Willowisp a pointless anecdote from you so one from me- I have been strictly veggie from 10 and at 34 get IDed and am asked my skincare routine (depite it only consisting of water)
A crap dinner is a crap dinner- most vegetarians make more of an effort to give a balanced healthy dinner as they work out proteins etc - a lot of meat eaters just shove sausages on a plate.

plinkyplonks Wed 08-May-13 21:52:48

Agreed that it is important to go into vegetarianism/veganism informed. However, just because someone is vegan/vegetarian/meat eater doesn't mean they will necessary have a balanced/unhealthy diet.

As for protein, I'm surprised you think vegetarian meals are low in protein. I have no problem meeting my protein targets for the day. Lot's of lovely pulses and soya!

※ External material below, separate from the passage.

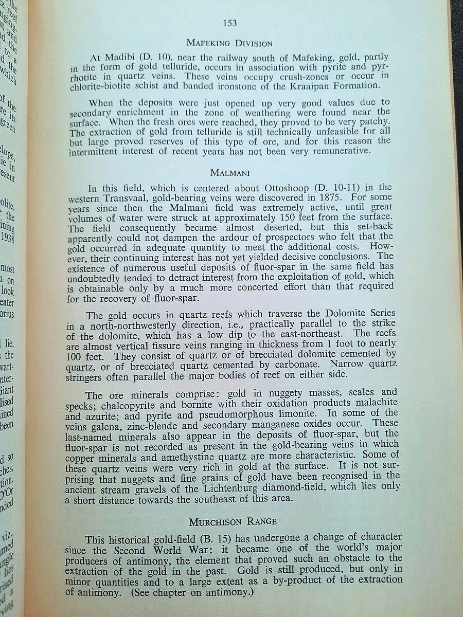 SECTION II - PRECIOUS METALS AND STONES (with chapters - DIAMONDS - History; Diamondiferous Deposits: Witwatersrand Conglomerate, Deposits in Kimberlite, Alluvial Deposits; Artificial Substitutes for Diamond; Economic Factors; GEM-STONES OTHER THAN DIAMONDS; GOLD - GOLD IN THE WITWATERSRAND AND ADJACENT SYSTEMS: The Heidelberg Area, The Klerksdorp Area, The Vredefort Area, The Odendaalsrus-Virginia Area, The Kinross Area; Mineralogy of the Reefs; Origin of the Deposits; Mining and Production of Gold; OTHER GOLD OCCURRENCES - Alluvial Gold; Barberton; Bochum; Central Transvaal; Eersteling and Mount Maré; Harlequin Mine; Klein Letaba; Mafeking Division; Malmani; Murchison Range; Natal and Zululand; Northwestern Transvaal; Gold Occurrences in the Pilgrim's Rest, Kaapsehoop, Sabie, Lydenburg and Machadodorp Areas; Schweizer-reneke District; Storms River-mouth; Waaikraal; PRODUCTION FIGURES; PLATINUM METALS; SILVER);

cyberfairy Wed 08-May-13 22:07:18

Agree with Plinkyplonks I ate crap as a student along with all other students-my crap was cheesy chips instead of kebabs. Once I became a bit older, started to be healthy and make good healthy food, other friends of the meat or veggie eating variety also did the same or else carried on eating child made me strict in looking up balanced healthy protein rich veggie meals rather than falling back on bags of --factory farmed--meat from the supermarket.

TheSlug Thu 09-May-13 09:18:29

Willow why on earth do you imagine that your friend's teeth have anything to do with her being vegetarian?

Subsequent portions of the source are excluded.